Покряхтели мужики минуты три и язычок замка сломался. То, что ввалилось в распахнутую дверь, было похоже на смешной рисунок из «Крокодила». Носы у всех натурально красно-синие, морды в щетине трёхдневной, а глаза бешеные как у волков, которые за неделю никого не догнали и уже одурели с голодухи. Первым за стойку вломился Вася и монтировкой выковырнул из бочки деревянную пробку. Пена взлетела к потолку и, возвращаясь на пол, осела на всех, и потекла по телогрейкам в сапоги.

Замашкин притащил пять чистых кружек, а Володька Потапов, здоровый бычок тридцатилетний, наклонил бочку и заполнил все кружки. Все трое молча закинули внутрь себя ароматное от первоклассного солода пиво и повторили процедуру ещё пять раз. Ожившие мужики сели на пол, сказали хором ласковое: «Ну вот, твою мать! Живём дальше».

- А вы чего на пивняк молитесь? Не бухаете хрена ли? - удивился Вася. - Леонид Ильич заругает? Так мы заступимся. Он кто? Секретарь всего. АВова Потапов зам.начальника автобазы. У него у самого секретарша имеется. Да покрасивше Ильича. И в койке, думаю, получше него. Кто пробовал - согласятся.

Потапов и Замашкин кивнули.

- Мы в завязке, - очень убедительно шепнул Лёня.
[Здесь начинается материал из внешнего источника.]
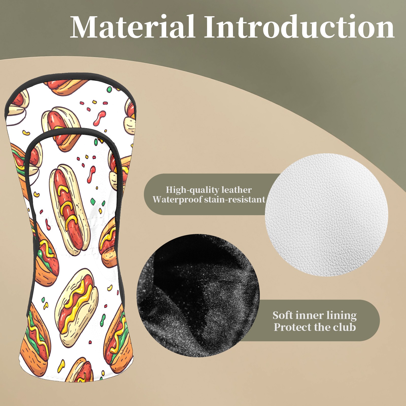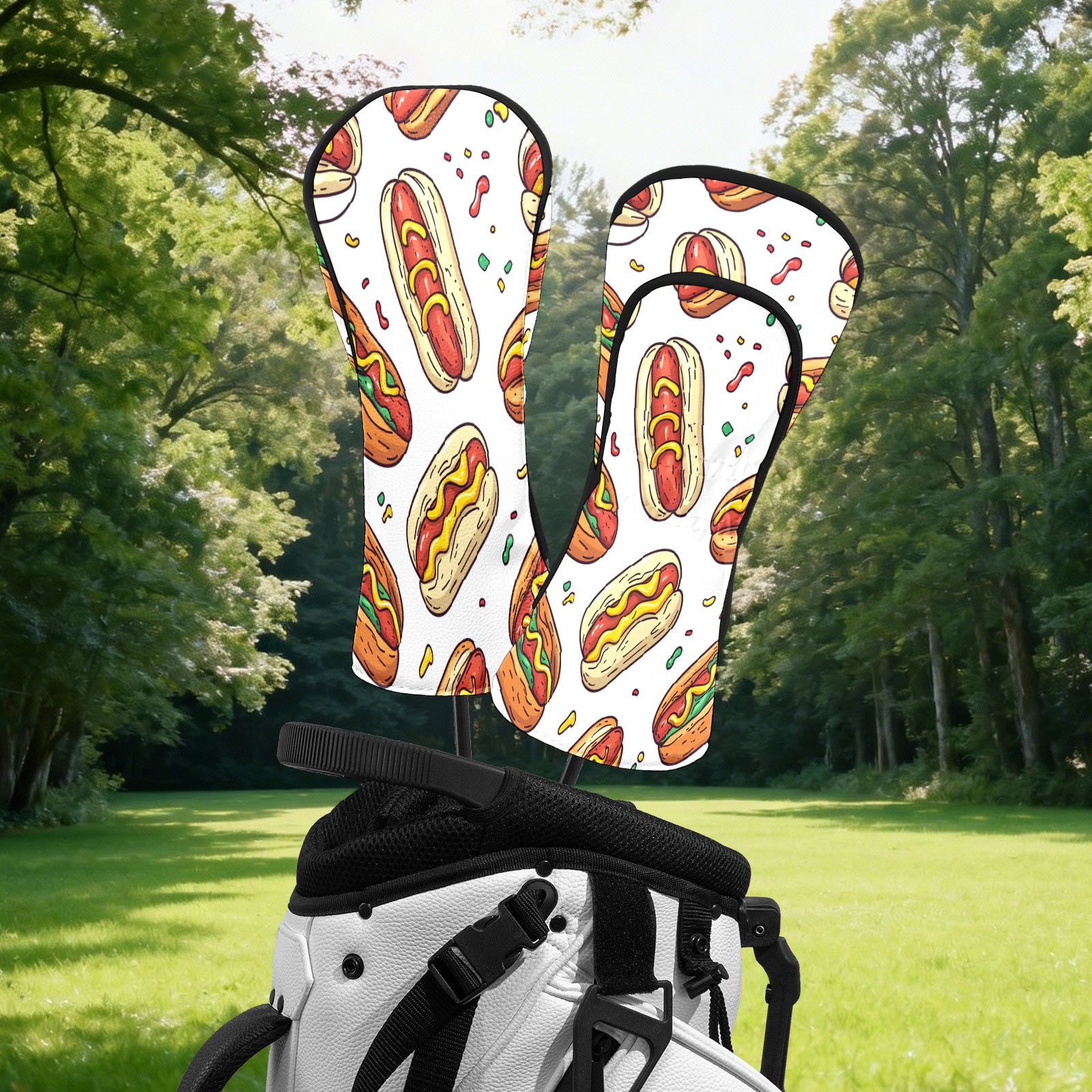 Golf Head Covers Fit Driver Headcover, Fairway Wood, and Hybrid Covers for Hot Dog Design, Waterproof PU Leather, Classic Golf Gift & Accessories for Golfers

- Три дня будем жить всухую, а потом один человек нам даст денег, и мы уедем в Зарайск, - Витюша потёр ладони. - Там устроимся работать и жить. Новая эра, мля, начинается. Бухло в гроб сведёт не сегодня, так через полгода точно.

- Не, пацаны, так не пойдёт, - мрачно сказал Потапов и прихватил Лёню за руку. - Кружку взял-ка быстренько! Не обижай дядю Володю и оставшихся друзей. За такое неуважение мы к тебе на день рожденья не придём. Когда он?

- Шестого декабря, - Витюша взял полную кружку. Уже и пена на пиве улеглась. - Так нас и не будет тут. Мы в Зарайске устроимся работать. И, может, вообще не вернёмся.

- Тогда тем более. Пейте «отвальную».- Вася Ступин заржал искренне и весело. Принял с пользой его организм золотой напиток. - И с одной кружки чего будет? Считай, и не употребляли ничего. Это ж почти безалкогольный лимонад - пиво. Тут и градусов-то нет. Чё вам будет с кружки-то? Только уважение наше. Не обижайте корефанов. В одном мире кувыркаемся. В Семёновке. А тут все казаки - родня.

Витюша с другом переглянулись и пиво выпили.

- Да натурально фигня - одна кружка, - вздохнул Лёня.

- Вы подождите, а мы сбегаем к бабке Токаревой. Она самогон цедит - хоть на ВДНХ его отправляй для получения первого места и почетной грамоты, - Потапов поднял друзей за воротники и они убежали.

- Пошли и мы, - минут через десять Витюша обнял двумя руками свою голову. - А то вернутся и нахрюкаемся с ними опять в зюзю. Заставят же. Считай - первый день мы простебали. А потом опоздаем к Лидке, она и не даст тугрики.

Только рванули они на воздух и как раз в распахнутых дверях налетели на Алика, у которого было очень удивлённое и страшное выражение красивого лица, а из фетровой бурки он выхватил длинный кавказский нож, похожий на кинжал.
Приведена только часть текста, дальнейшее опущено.